Printing ads on aluminum foil
The Reynolds Metals Company had originally perfected their methods of printing on aluminum foil for their packaging business. Then later, in the early 1950s, they started printing ads on aluminum foil, as well. Here, they placed a circus-themed trade ad in a 1954 issue of Printer’s Ink magazine. Does anyone know who the illustrator was?
We made the video above because it’s difficult to capture the effect of these ads in a photograph.
If you expose the photo so that the foil highlights are the brightest areas, then the white areas look like a dingy gray color by comparison.

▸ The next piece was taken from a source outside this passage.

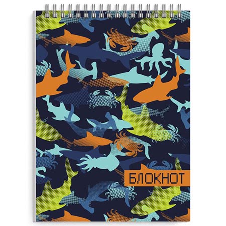 Блокнот А5 спираль сверху 60л " Феникс " Морская фактура, клетка, обложка - мелованный картон, УФ-лак, белый офсет, 145*200мм

But if you make the white areas look white, then you pretty much kill the reflections.
Still, I want you to also see the illustrations, so I’ll go ahead and scan the pages.
1. The Reynolds Wrap Aluminum Packaging “Sales Bandwagon” ad
At first, I thought that these illustrations of shiny foil packages must have been have done with “hot stamping” or “cold foil.” I was wrong about that. The entire ad was actually printed on a sheet of aluminum foil. Or on a sheet of aluminum foil laminated to paper, to be exact.
They used an opaque white ink to simulate a white page in some places, and let the reflective foil show through in other places to depict their foil wrapped packaging. They added a layer of transparent inks in some areas to make the foil look gold or blue, etc.